After the joggers nodded confirmation, Liz drove her Tracer straight to it.
“Yeah, I remember the lady,” Sam Maksoud said, waving Liz into a chair in his glassed-in office with a view of the car showroom. “After the deal I gave to her, I’ll never forget her!”
“I’ve heard you’re doing some great price cutting for end of the season sales,” Liz said, remembering Tom Horton’s tip.

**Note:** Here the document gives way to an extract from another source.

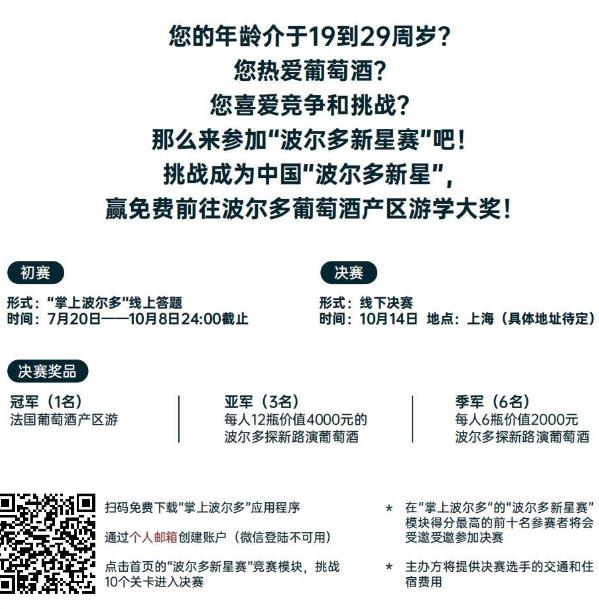 波爾多葡萄酒行業協會(CIVB)連續第三年在中國舉辦“波爾多新星賽”,初賽采用線上的方式,歡迎全國各地的葡萄酒青年,只要成年且年齡界于19-29歲,熱愛葡萄酒,就可以參與!
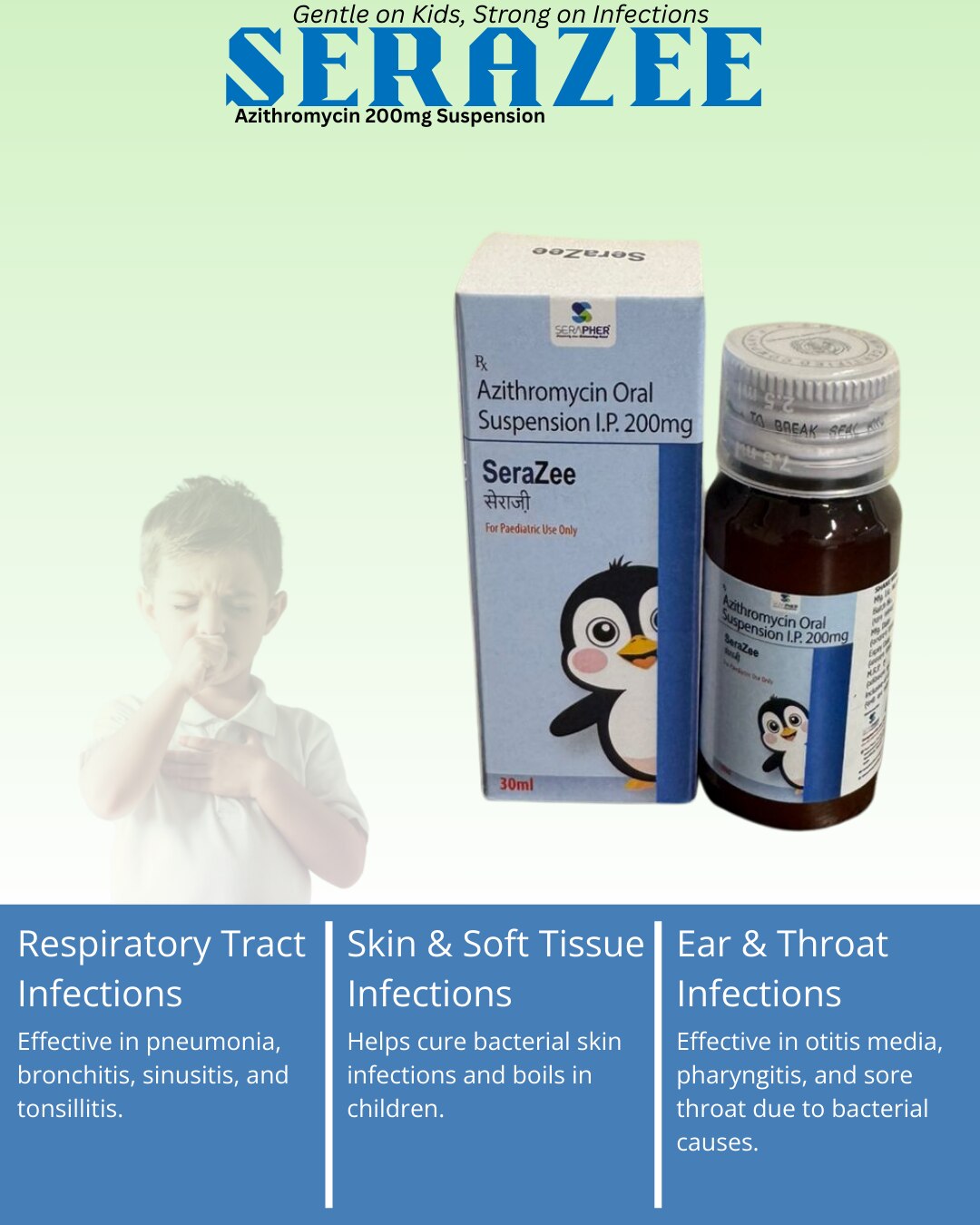 Azithromycin 200mg Syrup is a broad-spectrum macrolide antibiotic specially formulated for pediatric use. It provides effective treatment against a wide range of bacterial infections including those of the respiratory tract, skin, ear, and soft tissues. With its convenient liquid form, it ensures easy administration and better compliance in children. Indications: Upper Respiratory Tract Infections (Pharyngitis, Tonsillitis, Sinusitis) Lower Respiratory Tract Infections (Bronchitis, Pneumonia) Otitis Media (Ear Infections) Skin & Soft Tissue Infections Typhoid Fever (Pediatric use) Community-acquired Pneumonia Pediatric bacterial infections sensitive to Azithromycin Key Benefits: Broad-Spectrum Activity: Effective against Gram-positive, Gram-negative & atypical bacteria. Pediatric Friendly: Syrup form ensures easy swallowing & accurate dosing for children. Once Daily Dose: Improves child compliance & convenience. Well-Tolerated: Fewer gastrointestinal side effects compared to other antibiotics. Fast Action: Quickly reduces fever, cough & infection symptoms. Shorter treatment duration compared to conventional antibiotics.

“That is true, but in Mrs. Johansson’s case it was a different story.”
“I’d love to hear it.”
“You have met the lady, yes?”
Liz nodded.
“An attractive lady, with the berry-blonde hair. I would never have imagined she would know the niceties of our language, our Arabic ways. Nor did I think such a polite lady had it in her to bargain like that. She so charmed me that I took some big dollars off the price of her car.”
“How did she do that?”
“She arrived here in her husband’s car, not the one she wished to trade in. When I asked her about the other vehicle, she said it needed a repair and she didn’t want to put any more money into it. When the customer says that, we know the car is rather iffy, but, of course, our mechanics can fix most anything. It’s often a different story if the vehicle is not running. So I asked the lady, ‘Does it run?’”
“What did she tell you?”
“That’s when she surprised me. ‘Hamdu-lillah,’ she said.”
“What does that mean?”
“Thanks to God. For those words, I took another two thousand dollars off the price of her car,” he grinned. “That’s not all the story. It turned out the trade-in was truly on its last legs. That delightfully devious lady had it towed up the steep hill of Walnut Street and then drove it the last few blocks to my dealership, on the level road! I know, because she hired my cousin to do the deed!”
“You’re smiling! Didn’t that make you angry?”
“Not at all! I have respect for such a woman. And I made up my losses by the end of the same day by bargaining hard with some customers who could afford it. Of course, she was much less comfortable when it came time to pick up her new car. So amusing it was! She hurried off without picking up the title. That piece of paper proves you own it, of course. I phoned her more than once about it. And when she was never in, I decided to deliver it myself. My son and I tried to drop it off at her house, it turns out, on the very day she disappeared. By the way, you need a new vehicle, you let old man Maksoud know, OK?” the car dealer said, pressing his business card into Liz’s hand.